Records for this task:
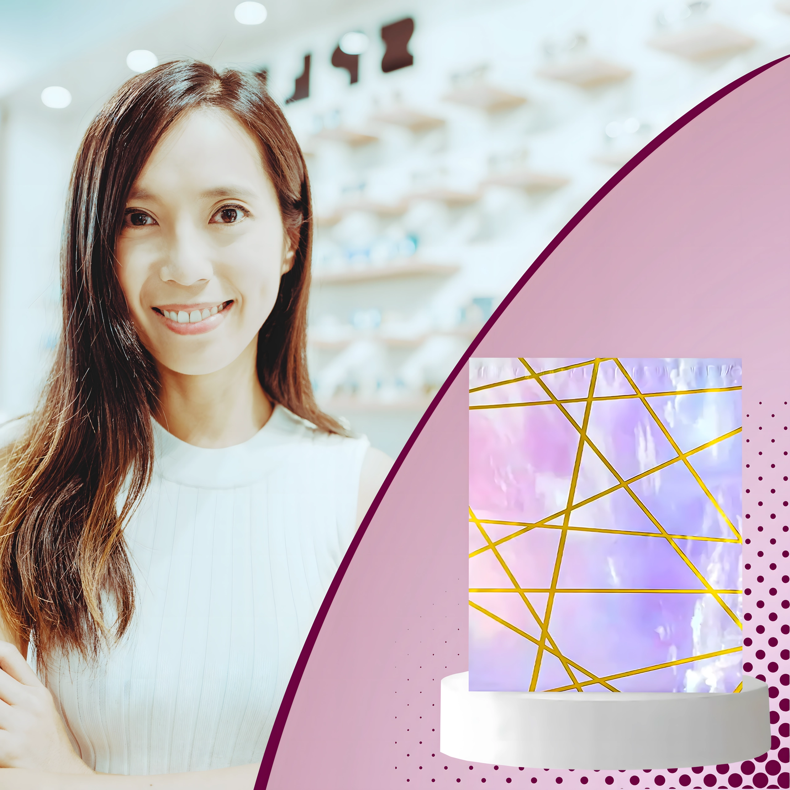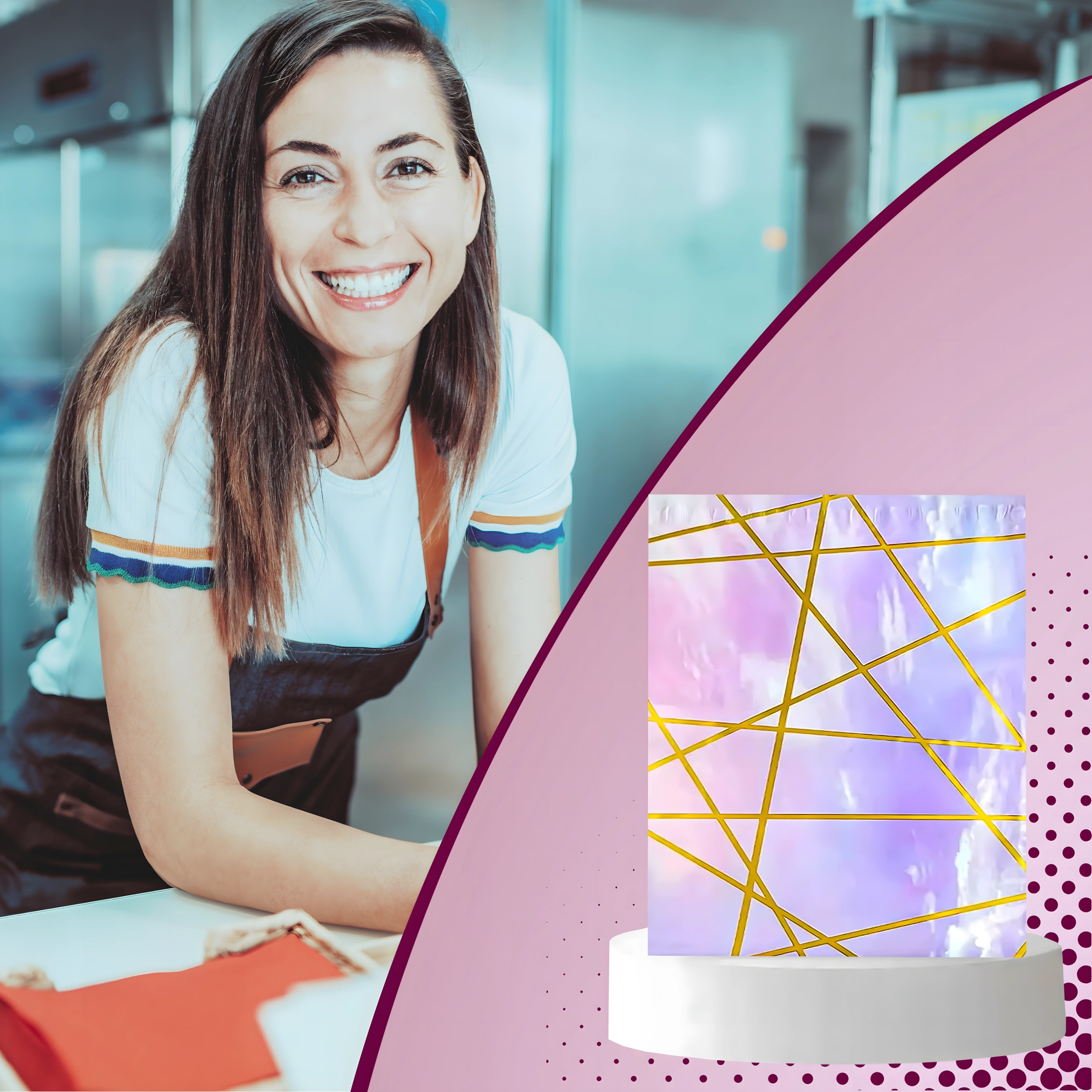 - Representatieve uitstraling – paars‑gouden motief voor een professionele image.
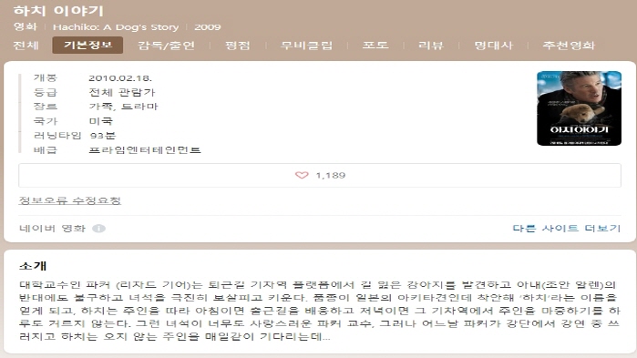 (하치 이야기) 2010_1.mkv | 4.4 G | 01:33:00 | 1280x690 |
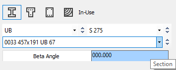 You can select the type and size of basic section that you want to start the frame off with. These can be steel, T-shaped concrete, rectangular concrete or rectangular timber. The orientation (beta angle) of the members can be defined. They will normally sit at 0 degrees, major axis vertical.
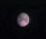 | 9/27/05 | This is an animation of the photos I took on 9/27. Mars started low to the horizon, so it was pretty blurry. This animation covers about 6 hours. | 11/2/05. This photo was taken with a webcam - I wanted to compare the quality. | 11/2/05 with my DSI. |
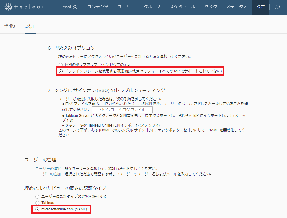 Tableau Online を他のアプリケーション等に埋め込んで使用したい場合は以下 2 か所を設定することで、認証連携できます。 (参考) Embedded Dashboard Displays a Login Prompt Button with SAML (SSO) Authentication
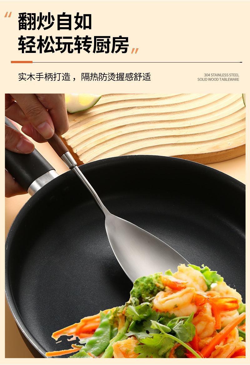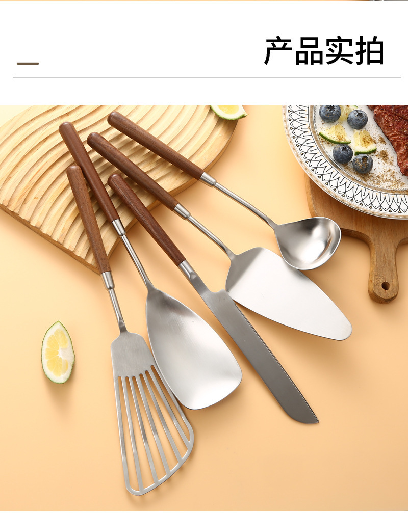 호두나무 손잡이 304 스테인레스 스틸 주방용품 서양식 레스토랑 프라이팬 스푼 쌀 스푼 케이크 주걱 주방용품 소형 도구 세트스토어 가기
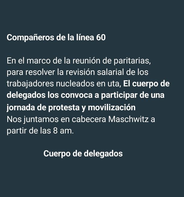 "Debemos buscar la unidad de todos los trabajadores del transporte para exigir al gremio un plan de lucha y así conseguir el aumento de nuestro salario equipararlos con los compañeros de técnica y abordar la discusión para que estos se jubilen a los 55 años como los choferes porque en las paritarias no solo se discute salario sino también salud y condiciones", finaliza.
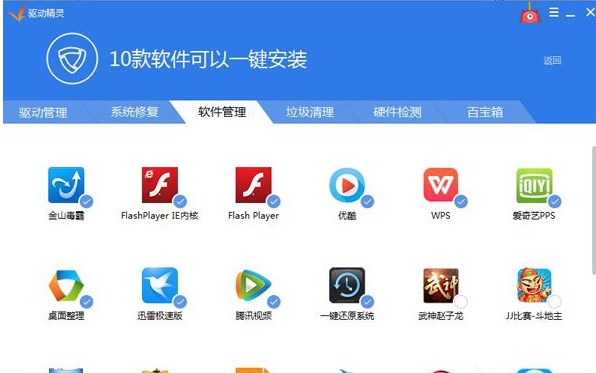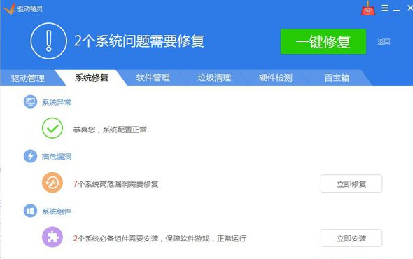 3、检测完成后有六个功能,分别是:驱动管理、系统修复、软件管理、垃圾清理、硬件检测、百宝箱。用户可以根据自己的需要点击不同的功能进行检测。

--

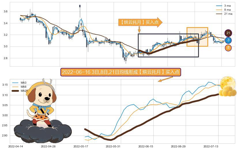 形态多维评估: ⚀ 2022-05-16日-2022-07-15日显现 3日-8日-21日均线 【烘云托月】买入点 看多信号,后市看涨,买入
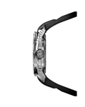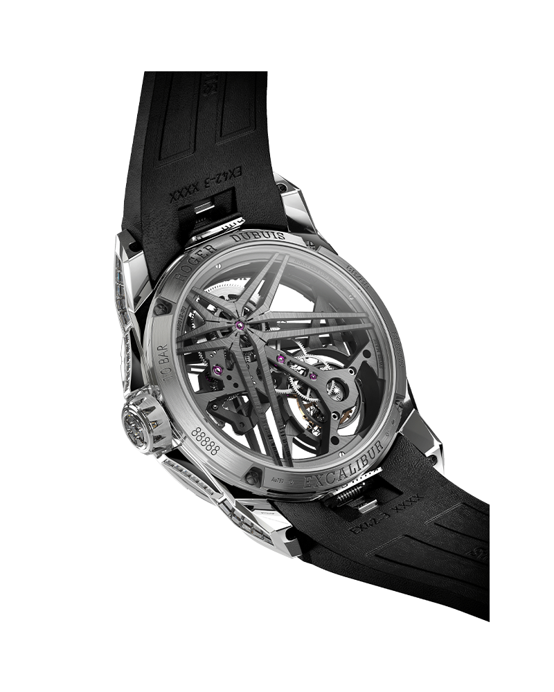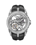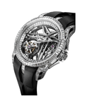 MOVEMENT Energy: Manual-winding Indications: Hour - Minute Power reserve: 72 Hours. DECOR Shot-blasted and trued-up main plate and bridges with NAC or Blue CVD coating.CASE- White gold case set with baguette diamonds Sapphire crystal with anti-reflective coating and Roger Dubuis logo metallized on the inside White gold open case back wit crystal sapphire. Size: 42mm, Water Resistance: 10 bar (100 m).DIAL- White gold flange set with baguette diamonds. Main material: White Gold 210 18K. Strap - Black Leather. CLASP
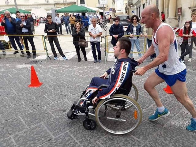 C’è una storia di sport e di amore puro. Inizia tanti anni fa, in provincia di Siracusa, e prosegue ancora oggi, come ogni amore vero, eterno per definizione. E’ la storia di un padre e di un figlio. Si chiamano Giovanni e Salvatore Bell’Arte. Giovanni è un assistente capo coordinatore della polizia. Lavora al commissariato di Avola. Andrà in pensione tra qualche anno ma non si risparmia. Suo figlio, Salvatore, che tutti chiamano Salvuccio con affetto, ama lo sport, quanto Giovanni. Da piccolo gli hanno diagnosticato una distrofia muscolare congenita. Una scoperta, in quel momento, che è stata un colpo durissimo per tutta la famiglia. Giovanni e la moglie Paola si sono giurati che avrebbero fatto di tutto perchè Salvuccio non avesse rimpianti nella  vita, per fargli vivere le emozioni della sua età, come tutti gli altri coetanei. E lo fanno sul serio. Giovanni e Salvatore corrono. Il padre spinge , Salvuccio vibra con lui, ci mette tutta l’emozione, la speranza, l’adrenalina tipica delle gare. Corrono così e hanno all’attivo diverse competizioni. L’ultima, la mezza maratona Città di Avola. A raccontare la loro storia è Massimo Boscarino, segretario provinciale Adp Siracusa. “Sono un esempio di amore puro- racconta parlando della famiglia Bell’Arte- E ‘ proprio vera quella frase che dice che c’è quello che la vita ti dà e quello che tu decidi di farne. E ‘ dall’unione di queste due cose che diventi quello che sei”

Work to be completed: In the entries above, find the line with "- Representatieve uitstraling" and the line with "buscar la unidad". Return exactly those lines and all the ones between them, pictures excluded.

Solution for this problem:
 - Representatieve uitstraling – paars‑gouden motief voor een professionele image.
 (하치 이야기) 2010_1.mkv | 4.4 G | 01:33:00 | 1280x690 |
 You can select the type and size of basic section that you want to start the frame off with. These can be steel, T-shaped concrete, rectangular concrete or rectangular timber. The orientation (beta angle) of the members can be defined. They will normally sit at 0 degrees, major axis vertical.
 | 9/27/05 | This is an animation of the photos I took on 9/27. Mars started low to the horizon, so it was pretty blurry. This animation covers about 6 hours. | 11/2/05. This photo was taken with a webcam - I wanted to compare the quality. | 11/2/05 with my DSI. |
 Tableau Online を他のアプリケーション等に埋め込んで使用したい場合は以下 2 か所を設定することで、認証連携できます。 (参考) Embedded Dashboard Displays a Login Prompt Button with SAML (SSO) Authentication
 호두나무 손잡이 304 스테인레스 스틸 주방용품 서양식 레스토랑 프라이팬 스푼 쌀 스푼 케이크 주걱 주방용품 소형 도구 세트스토어 가기
 "Debemos buscar la unidad de todos los trabajadores del transporte para exigir al gremio un plan de lucha y así conseguir el aumento de nuestro salario equipararlos con los compañeros de técnica y abordar la discusión para que estos se jubilen a los 55 años como los choferes porque en las paritarias no solo se discute salario sino también salud y condiciones", finaliza.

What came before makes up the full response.